§ **Activity**
Each line from the one that holds "(The photo is" to the end of the records is to be retyped exactly. Pictures are not part of the copy.

§ **Dataset entries**
== Segment start ==

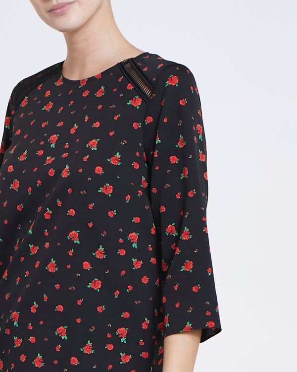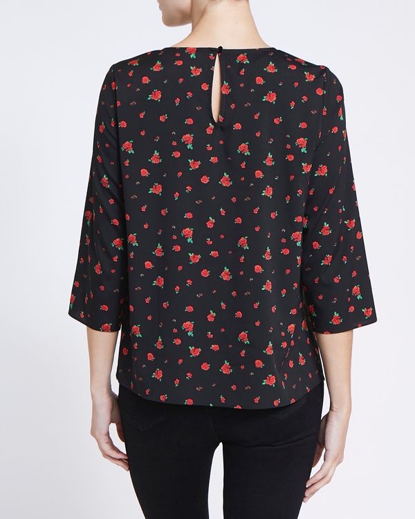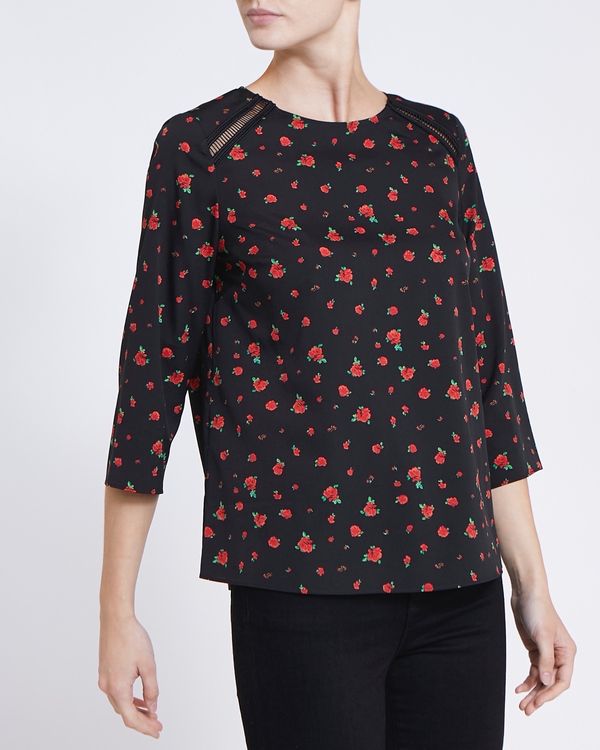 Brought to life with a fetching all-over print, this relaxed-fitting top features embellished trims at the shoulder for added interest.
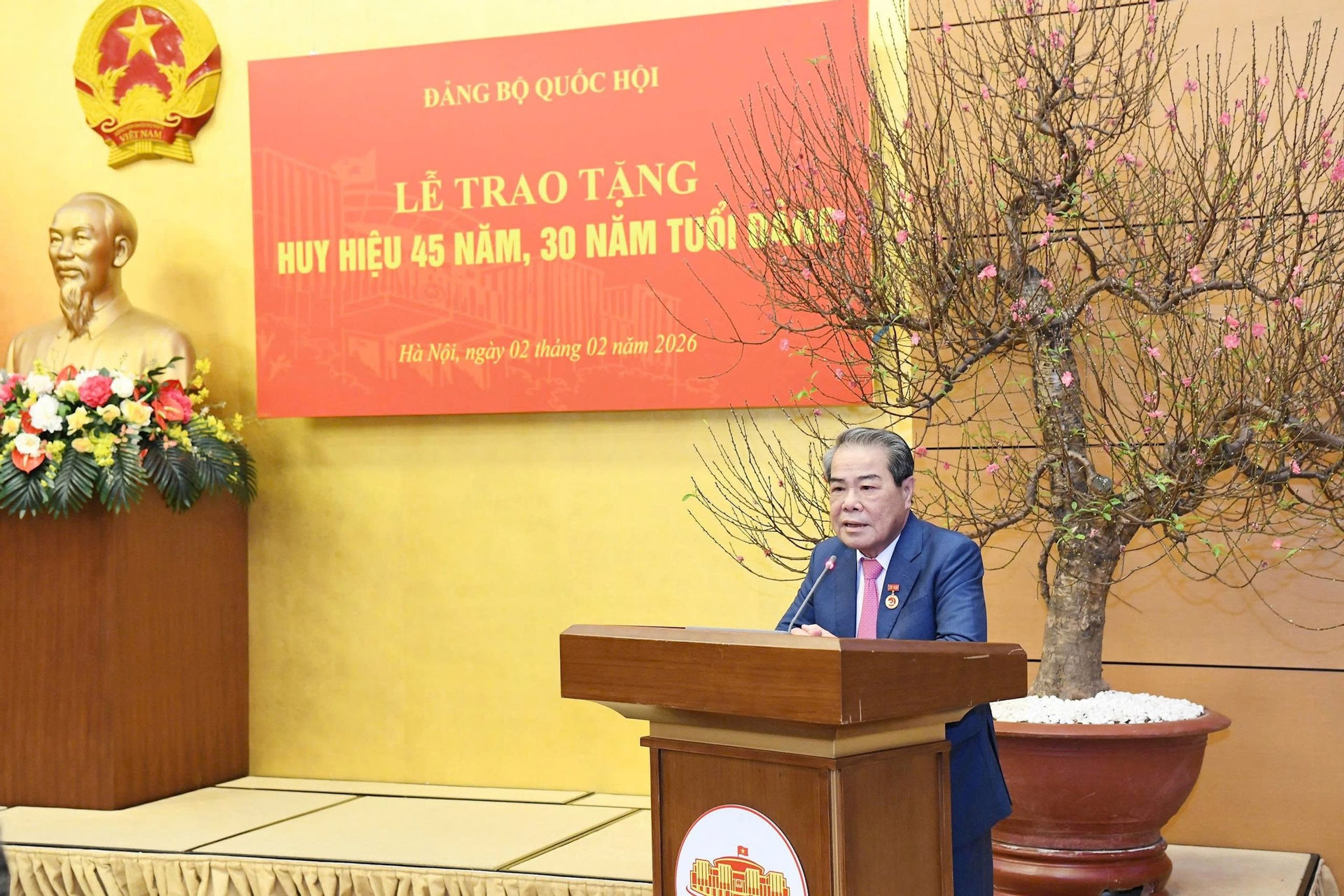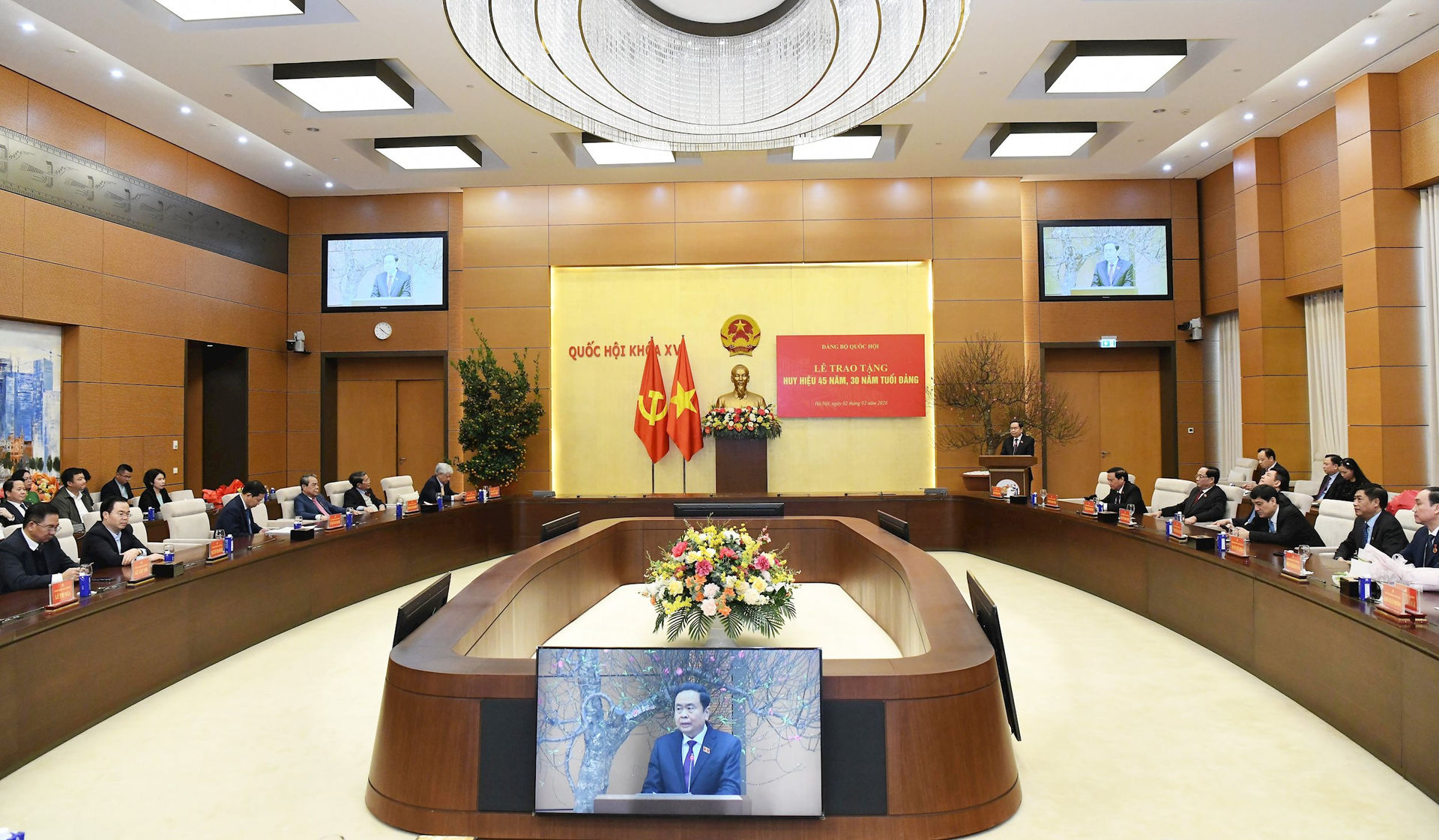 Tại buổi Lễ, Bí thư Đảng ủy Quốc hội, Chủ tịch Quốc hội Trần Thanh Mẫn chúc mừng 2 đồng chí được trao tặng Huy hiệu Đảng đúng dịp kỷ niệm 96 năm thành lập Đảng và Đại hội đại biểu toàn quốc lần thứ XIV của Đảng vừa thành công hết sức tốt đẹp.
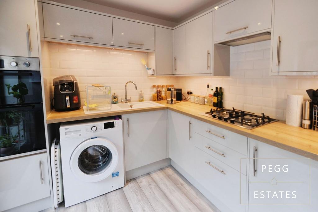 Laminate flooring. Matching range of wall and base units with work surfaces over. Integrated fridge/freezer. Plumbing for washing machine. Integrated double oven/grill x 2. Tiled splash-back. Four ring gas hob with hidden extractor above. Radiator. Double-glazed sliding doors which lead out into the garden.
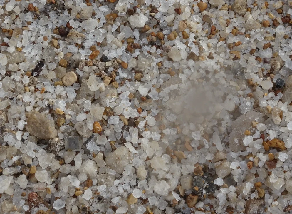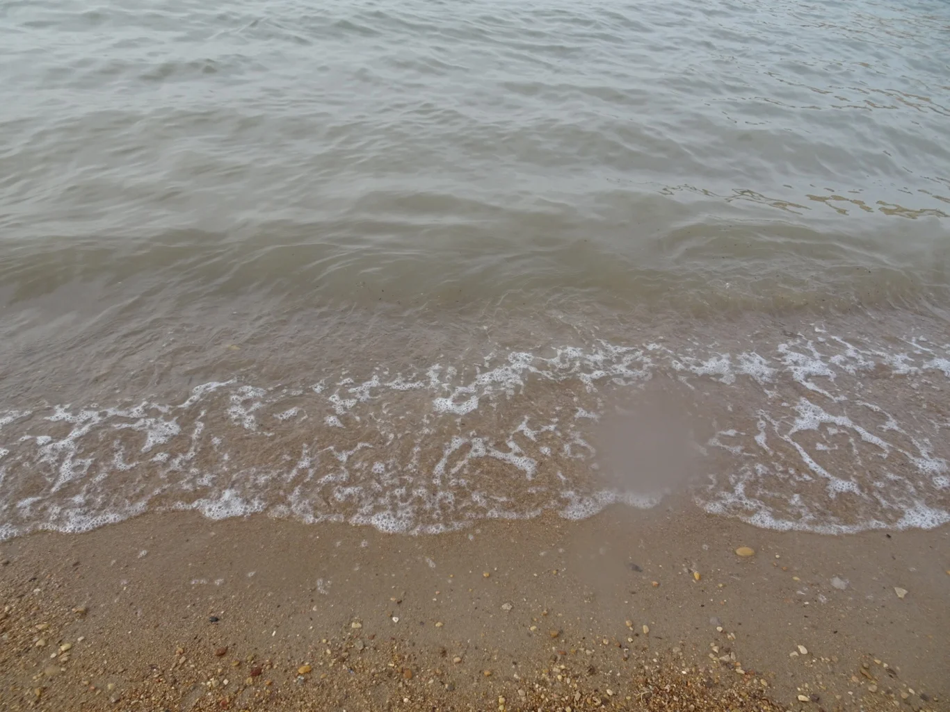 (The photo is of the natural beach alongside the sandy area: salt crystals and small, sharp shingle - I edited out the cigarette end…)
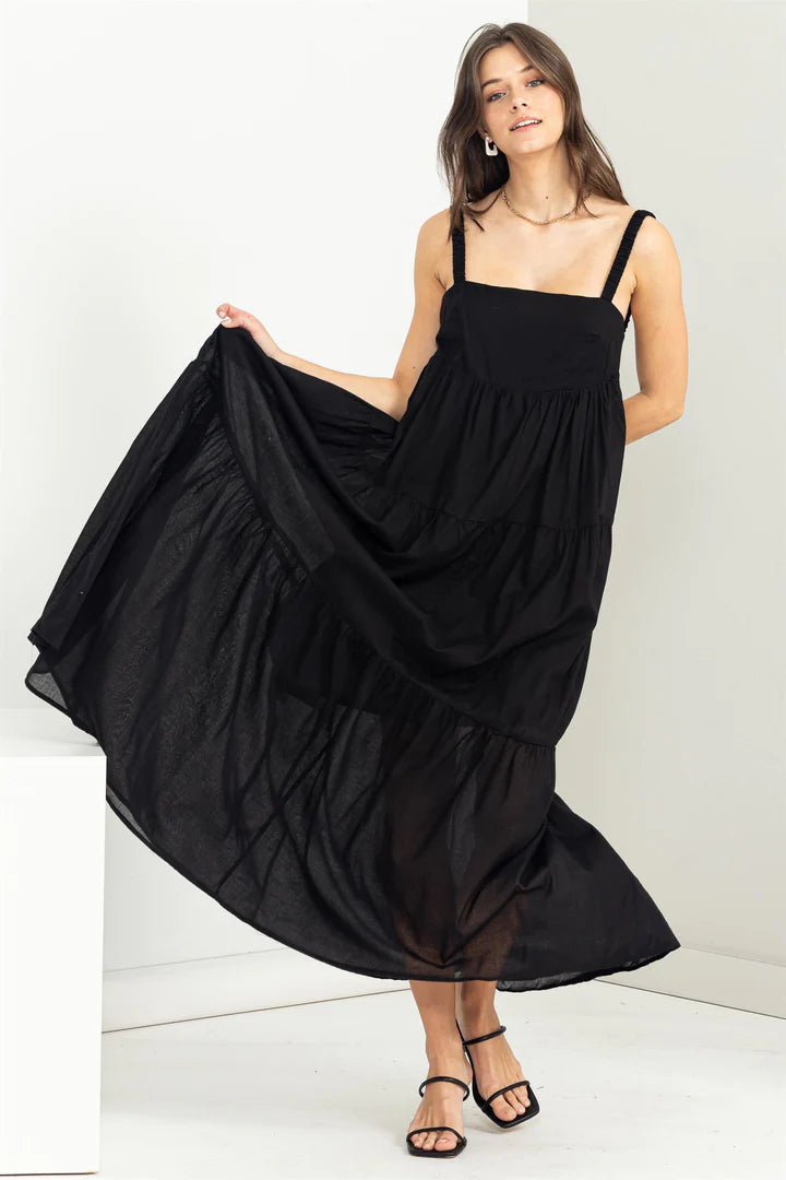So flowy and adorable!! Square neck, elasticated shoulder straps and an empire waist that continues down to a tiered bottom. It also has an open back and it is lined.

== Segment end ==

§ **Output for this exercise**
 (The photo is of the natural beach alongside the sandy area: salt crystals and small, sharp shingle - I edited out the cigarette end…)
So flowy and adorable!! Square neck, elasticated shoulder straps and an empire waist that continues down to a tiered bottom. It also has an open back and it is lined.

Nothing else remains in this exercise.